2. Create a special deadline object that starts a timer and interrupts the control flow if the timer goes off. When it goes off, the object will call a function that it was built with.
   
• Frontend: We will parse and interpret our code using the Project 3 language parser and interpreter.
• Core Language: We will be extending the Project 3 language with new deadline objects. These objects will be similiar to coroutines in that they will be executed outside of the normal control flow and will return the control after it completes.
  
• Internal Representation: This will be kept in byte code similiar to Project 3.
• Interpreter/Compiler: We will use the same tool chain as the 164 language we developed in Project 3. The new internal objects require that we build it into the language and the 164 language is simple to modify since we already have a good understanding of how it works.
• Debugging: We will test the code using small programs and using infinite loops to test deadline functionality.

Actual Implementation
The syntax we chose for this implementation was to make deadline a structure like if statements and while loops.

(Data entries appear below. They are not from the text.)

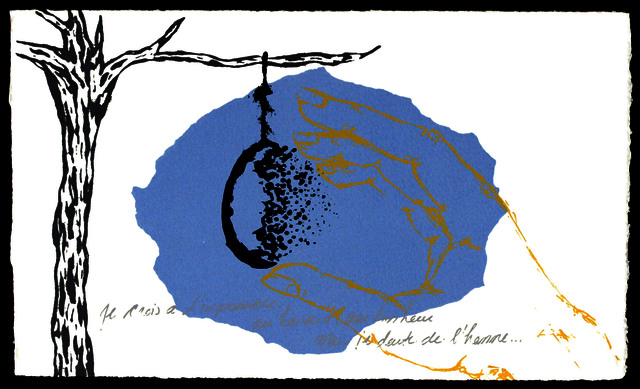 | Informations complémentaires: | Technique : Sérigraphie Édition rehaussée : non Dimensions (hauteur / largeur) de l’œuvre: 15,5cm X 26cm Support : Somerset Copie d’atelier : oui Livre d’artistes : oui, «Un feu me hante» Copie : c/a Œuvre inspirée d’un extrait du livre de Jean-Marc La Frenière |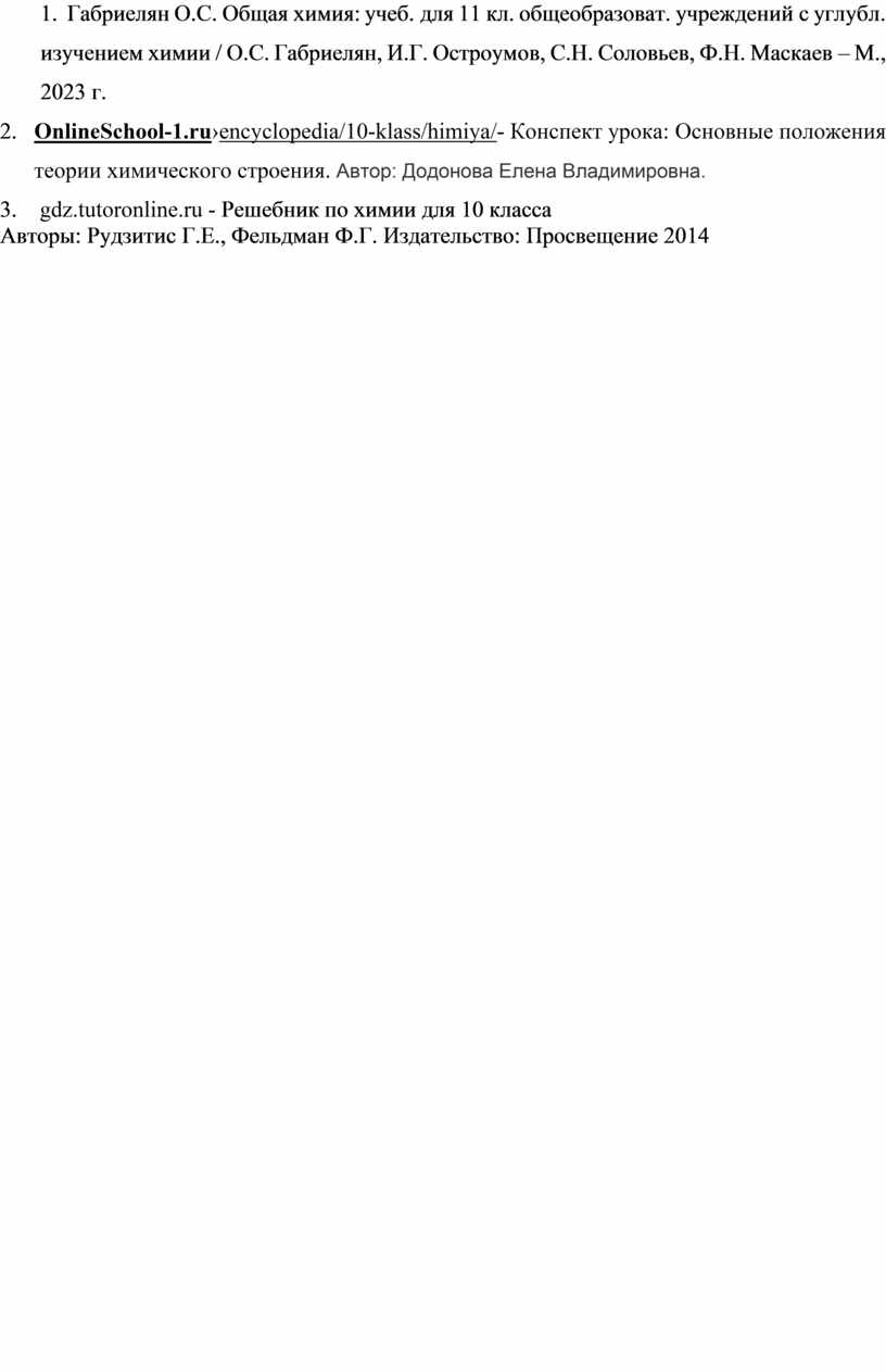 6. OnlineSchool-1.ru›encyclopedia/10-klass/himiya/- Конспект урока: Основные положения теории химического строения. Автор: Додонова Елена Владимировна.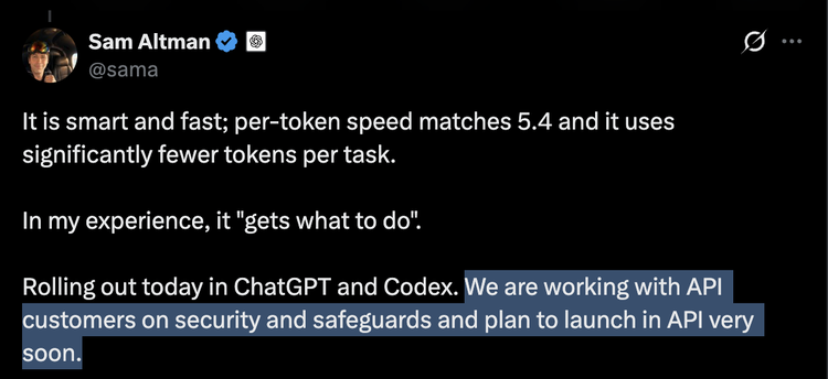 再看API延迟发布。官方说"working on security and safeguards"。客观效果:API上线前想用GPT-5.5,唯一路径是Codex生态。用户被锁进了应用层。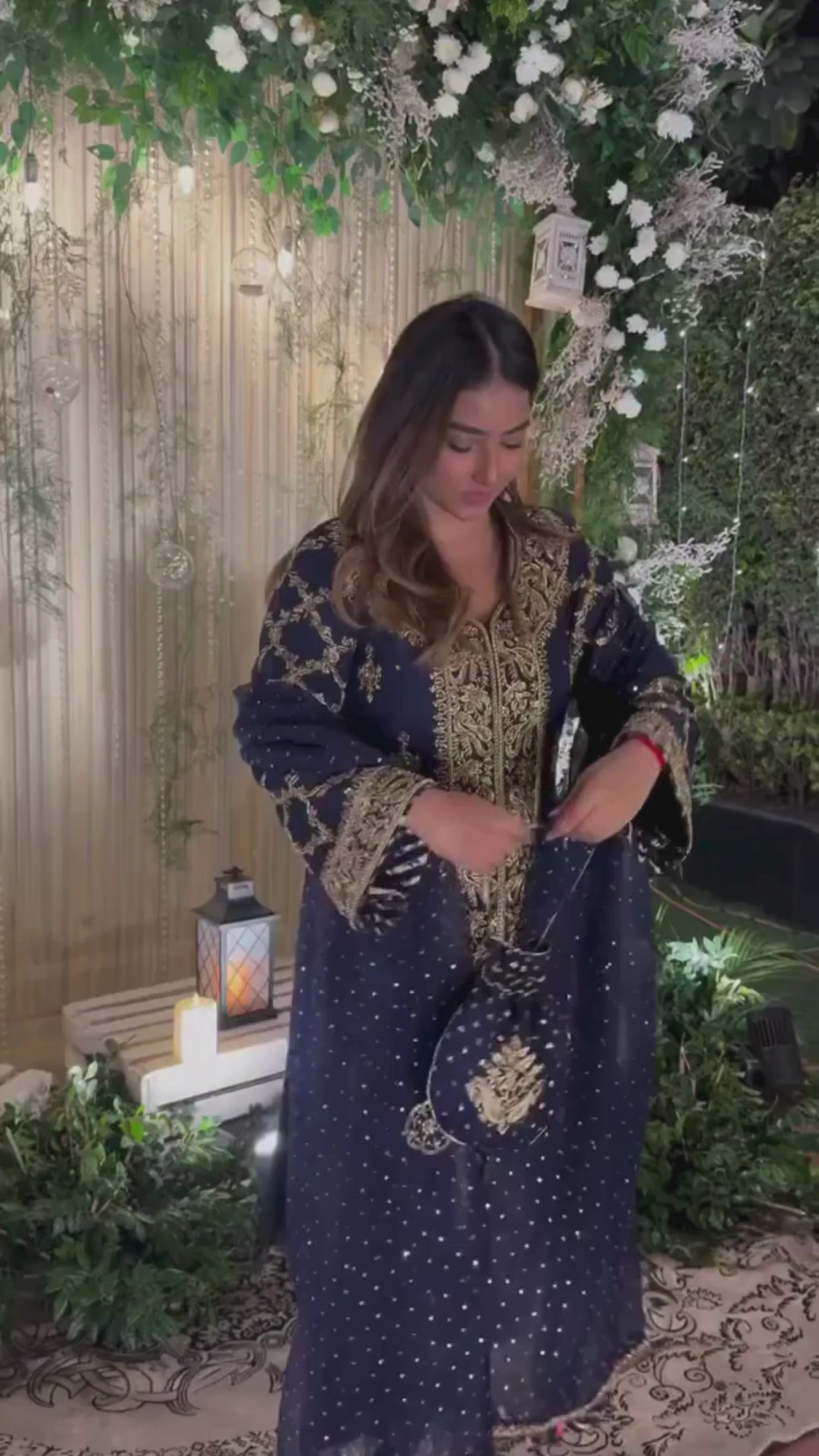 Premium Ready-Made Anarkali Gown Sharara Suit Set with Embroidery and Sequins Work (3 Piece Set)
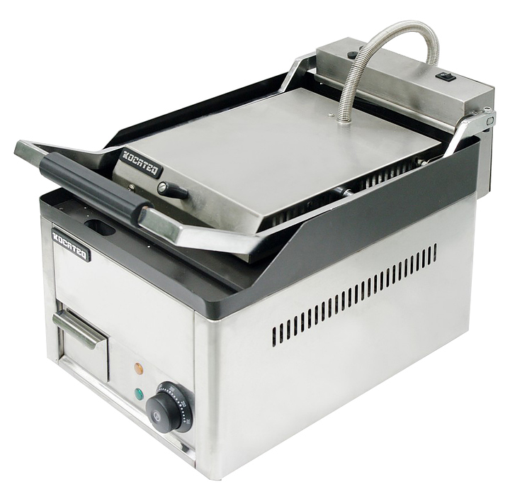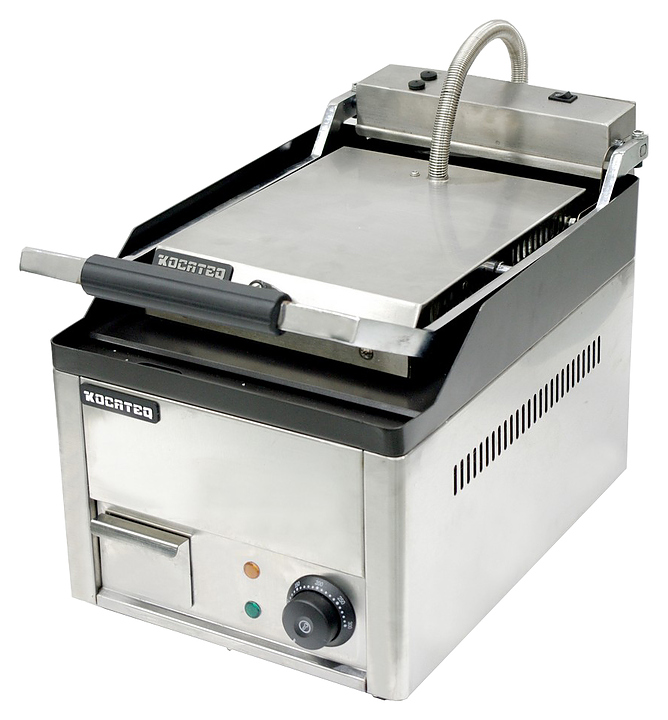 Гриль-сковорода Kocateq GH300FRNW предназначена для приготовления жареных мясных блюд, яичницы, жареной рыбы, оладьев, котлет и гамбургеров на предприятиях общественного питания и торговли. Модель оснащена термостатом для регулировки температуры и защитным термостатом, автоматически отключающим напряжение при повреждении основного термостата. Рабочая поверхность выполнена из стали толщиной 10 мм с тефлонированным покрытием, корпус - из нержавеющей стали AISI 430 толщиной 0,8 мм, ножки - из пластика. Особенности: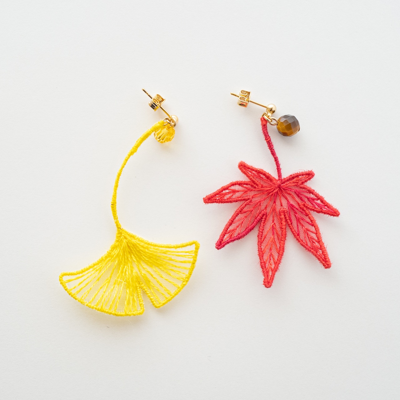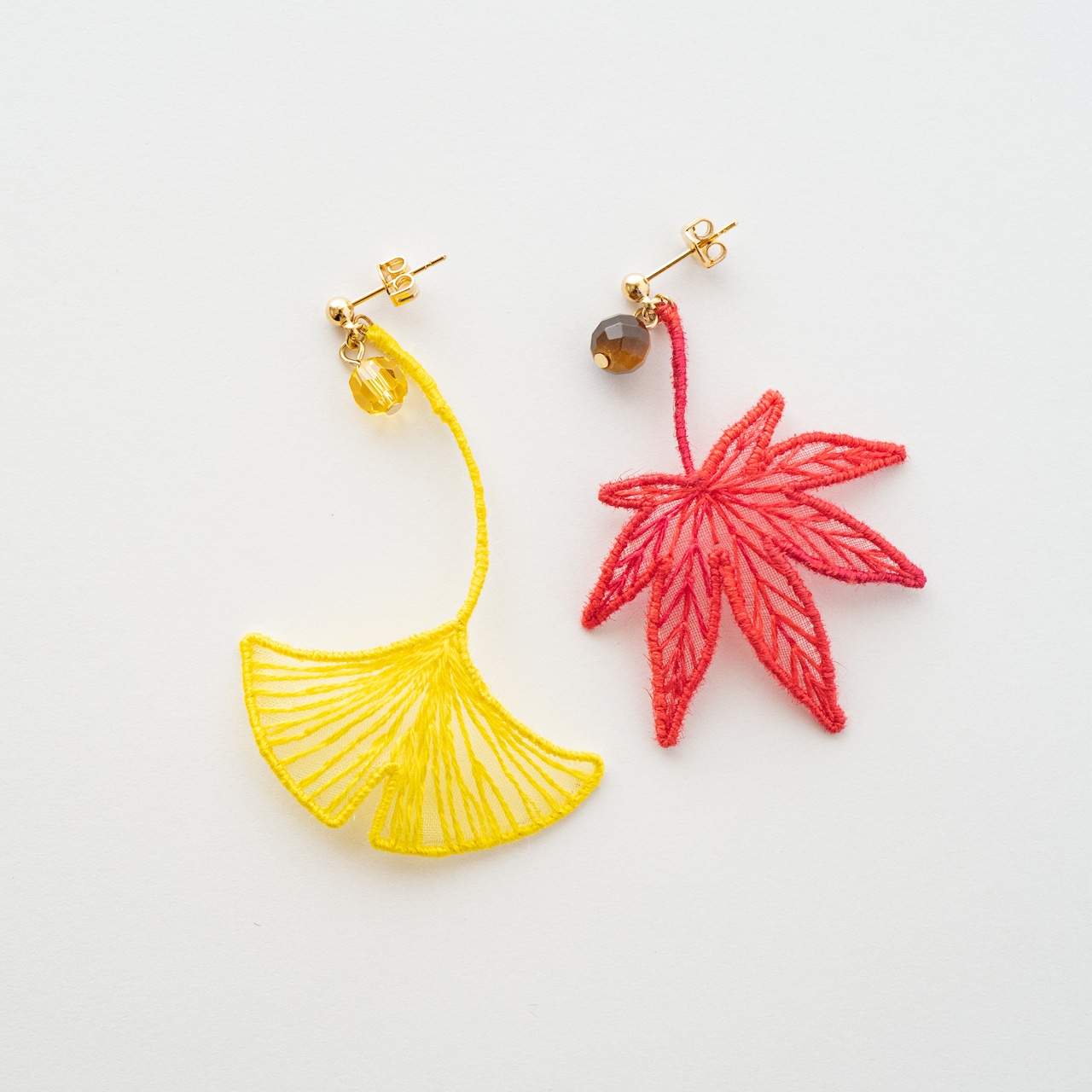 輪郭にワイヤーを縫いこんで立体的に成形できるスタンプワークという技法を使った、秋の葉っぱモチーフの立体刺繍。
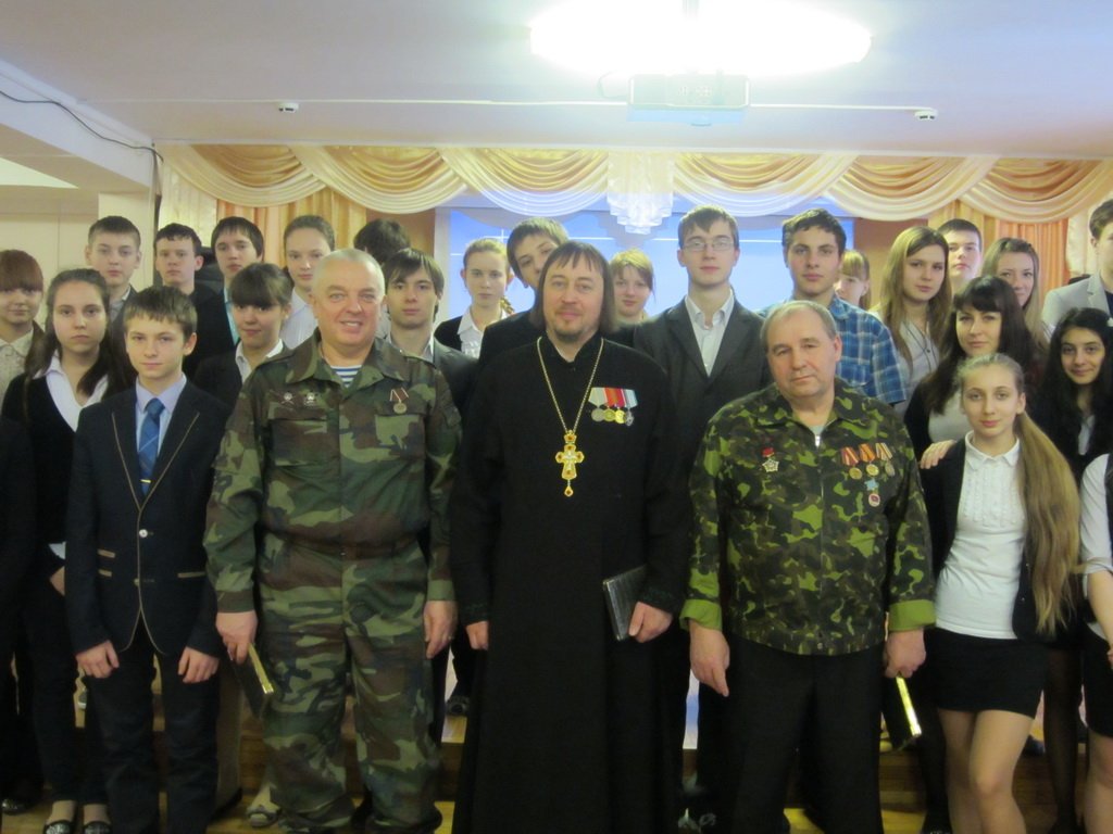 На встречу были приглашены настоятель Крестовоздвиженского храма села Дарна протоиерей Константин Волков, который сам прошел дорогами афганской войны, и его однополчане. Активное участие в проведении этой встречи приняли учащиеся

The grammar is 'deadline' E '{' S_list '}' 'catch' '{' S_list '}' though the catch statement is optional. Code within the deadline structure executes in the environment that the deadline is executed in. This is the natural semantics that come from this sort of syntax as it is the same for if statements and while loops. If a deadline is not met within the loop, the execution of the statements in it is immediately halted. No guarantees can be made about the state of the execution and environment when the exception occurs. It is up to the programmer to either make the program fail safely or fix the state of the environment. We chose to do this because we would take a performance hit if we tried to restore the state of the environment and possibly cause the deadline problem to be worse. It is also expected that programmers understand that an exception is a large issue that implies that a function is in an unexpected state and not safe anymore.

We also had to decide on the semantics of uncaught exceptions. We had three choices, we could halt the execution of the statements in the deadline and go on to the next statement outside the deadline but that would lead to many unsafe states that the programmer would have to take into account before continuing. We could force the program to terminate immediately, but that would probably be overkill. We chose to instead escalate the exception up the call stack until it reached a catch statement or the top level. This mimics the behavior of exceptions in Java and allows the programmer more freedom and requires less plumbing.

Our current implementation runs into some limitations. First, we do not support the timing out on the expression input() statement and I/O in general. This is because check the deadline only at the beginning of execution. Since input() blocks, it will stay there indefinitely and we will not get a chance to check the deadline. Second, we do not yet support catch structures without an associated deadline. Including this would allow for more flexible exception handling similiar to that of Java. Finally, on a more theoretical note, any code that is run within a deadline structure is not Turing-complete because the deadline enforces a limit on the number of steps that can be done in the code. This is expected since any code within a deadline structure is guaranteed to halt which would solve the halting problem for this code. This is a case where we trade in power for safety and reliability.